AROUND ANZAC DAY, a few vet mates marched. My guess would be that about 20 per cent of the local Vietnam veteran population was involved. Knackers and I marched together — it was my second time. We awkwardly talked about the few vets who’d started to have breakdowns over the last two years. They’d ended up in Heidelberg Repatriation Hospital, the psychiatric wing commonly called the mental ward. We couldn’t think of anything more humiliating. I also attended a funeral of a bloke from my battalion, my intake, my age. I knew something of his sad story. It had been a suicide, and it wasn’t the first. Both veterans and their children were taking their own lives. What was happening to people?

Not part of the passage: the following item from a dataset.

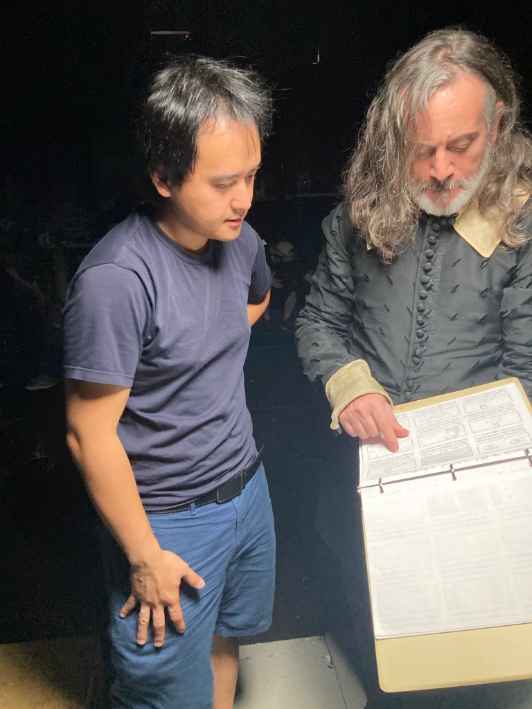 I’ll leave you with this shot of production assistant Peter Laboy on my mark for this shot while the crew is setting up. Note, by comparing this with the first shot at the top of this post, how perfectly he is emulating my body position for the shot.

The pattern of chest pains was repeated in early August. This time the same doctor sent me for a full cardiac evaluation, and I was given a clean bill of health. I must have been a good actor; the only person linking the pains to anxiety was my wife. My doctor diagnosed exhaustion, told me I looked dreadful, and said I needed a break. He gave me three weeks off work. I went back to work the next day.
The night of the sixth of August, I went out and saw Knackers. He wasn’t travelling at all well, and confided his fear of August. He was open about his failure in Vietnam and his inability to cope with the dark thoughts that swamped his poor old head. At last, I could relate to another individual who felt the same, although I said nothing to this good mate. He’d medicated himself for years with alcohol, and he was not alone. Two other mates, both grunts, were spinning out with violent outbursts and trouble with the police. The cops were good. They didn’t exactly forgive, but they were compassionate, contacting other vets to take a mate home, get him off the road, or tell us what had happened and see if we could help keep him in check.

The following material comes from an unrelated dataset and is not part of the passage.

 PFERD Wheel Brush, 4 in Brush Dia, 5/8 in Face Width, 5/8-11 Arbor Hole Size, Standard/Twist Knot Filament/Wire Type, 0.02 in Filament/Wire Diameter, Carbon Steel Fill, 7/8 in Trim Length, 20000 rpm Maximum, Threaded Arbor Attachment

I had met numerous vets in my area. Most were social misfits, only able to mix with other vets, and all of them struggled with holding down a job. But for all Knackers’ openness and honesty, I really struggled to talk candidly. It was enough that he knew what I had been through and understood what the life of a vet was like. I felt guilty because I believed I’d had it easy as a radio operator. Knackers had been a machine gunner, but he felt guilty that he hadn’t been a forward scout. It was obvious we both had a very deep guilt that we had survived while some of our mates had been killed and wounded.

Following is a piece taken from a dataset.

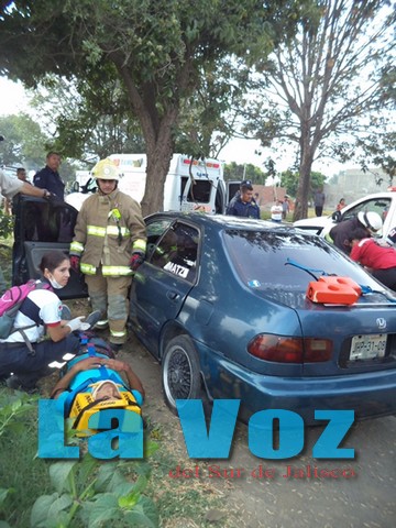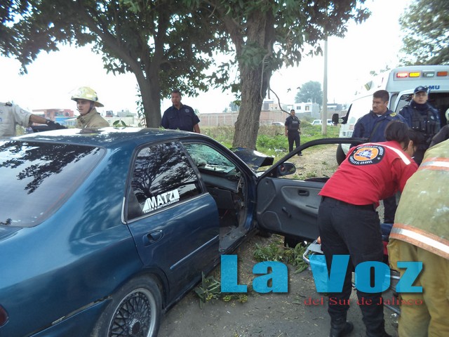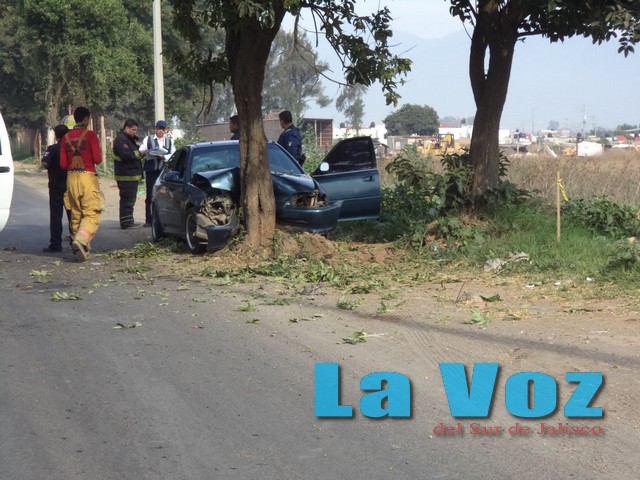 CIUDAD GUZMÁN, JAL., (ES).- Tres personas resultaron lesionadas después de que el auto en el que viajaban se impactó fuertemente contra un árbol en la calle Bravo, casi en su cruce con Guerrero.

If only the bloody thoughts and memories would go away. Surely, after nearly 30 years, they would start to fade or dissipate, or we could at least handle the memories? The advice or opinion that we should ‘just get on with it’ or ‘get over it’ was what greeted most veterans when we returned home. But now a lot of vets were getting sicker. Yet, for most of us, denial prevailed. The shared avoidance of the reality of our experience in Vietnam, and the associated emotional problems, reminded me of Stacka, a good mate and a forward scout. He was a typical example. I had bumped into him at Canberra. He felt unbearable guilt because he’d been totally exhausted in Vietnam, to the point that he’d been unable to sleep in the jungle and started to vomit after meals. His body reacted with severe headaches and ulcers, and appalling rashes all over that were very severe in his groin. After months as a forward scout, he was retired to base camp. Now, 30 years later, he told himself and his close mates that he’d been a wimp and couldn’t handle it, and was sure the other blokes thought he was a wimp, too. Yes, he’d become a drinker, unstable, and a loner. Anyway, he reckoned it wasn’t hard being a scout. The machine gun: that would have been too hard for him. And what about the poor bastards defusing mines?
The cycle of self-hate had no end. Knackers would tell me his problems, which was a start. I wouldn’t tell anyone. What was the point? It would bring about nothing but shame, guilt, and a release of something that scared the shit out of me. That wasn’t the male way. I had seen what happened to blokes who went for help. Their struggling seemed to get worse. Some of them ended up in Heidelberg Hospital, sometimes locked up. Bugger that! Furthermore, their life seemed to spiral down as the government put them through the wringer when they applied for assistance. Veterans had to prove they were incompetent, unemployable, and emotional misfits with few social skills. Many put in half-hearted claims and were rejected by a system that put the entire onus on the veteran. Now, how helpful was that? Then, as many were unsuccessful, they had to face the humiliation of an appeal, seek other help to put forward a more detailed, honest, and logical case, and try to remain sane. No bloody way. I’d work until I dropped. I bet most held that same philosophy.